Cancer intruded into Lee’s consciousness at an early age when his paternal grandmother succumbed to the disease.
“Throughout my childhood, my family prayed together every night and found ourselves constantly praying for friends and coworkers battling cancer,” he said. “There truly were an overwhelming number of people we knew who were fighting the disease, and it rooted cancer in my mind as a looming shadow, which I now have the opportunity to help fight.”
Lee is an undergraduate researcher in the laboratory of biomedical engineering assistant professor Natasha Sheybani, who is also the research director of the UVA Focused Ultrasound Immuno-Oncology Center. There, researchers are developing new ways to use ultrasound and advanced imaging to help the immune system find and fight cancer.
Lee has studied how focused ultrasound can help deliver drugs to the brain and improve cancer treatments. His current research explores how ultrasound can enhance immunotherapy and improve the delivery of treatments to brain tumors.

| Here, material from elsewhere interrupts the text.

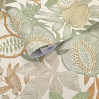 Nagano er et frodigt og levende tapet med et rigt samspil af frugter og bladværk. Granatæbler, figner og æbler folder sig ud i et detaljeret mønster, der giver væggen et friskt og farverigt udtryk. Designet er inspireret af den mangfoldige asiatiske natur og tilfører rummet energi, varme og karakter – uden at virke overvældende.

He is not taking the summer off. “I am headed to the University of California at Berkeley as an Amgen Scholar for the summer, during which I will work in assistant professor Derfogail Delcassian’s lab on T cells, a broad subset of immune cells which are important for fighting viral infections and cancer,” Lee said.
Berkeley is not Lee’s only destination this year. He will also travel to Houston in August for the Astronaut Scholarship Foundation’s Innovators Symposium and Gala. Lee is one of 79 Astronaut Scholars recognized this year.
“The financial resources and especially the networking opportunities which come with being an Astronaut Scholar are going to be a tremendous asset over the academic year and beyond as I apply to doctoral programs in bio/biomedical engineering,” Lee said. “Professional relationships and teamwork are key in the complex world of biomedical engineering, and the financial benefits will ensure I can spend my time focused on research and coursework.”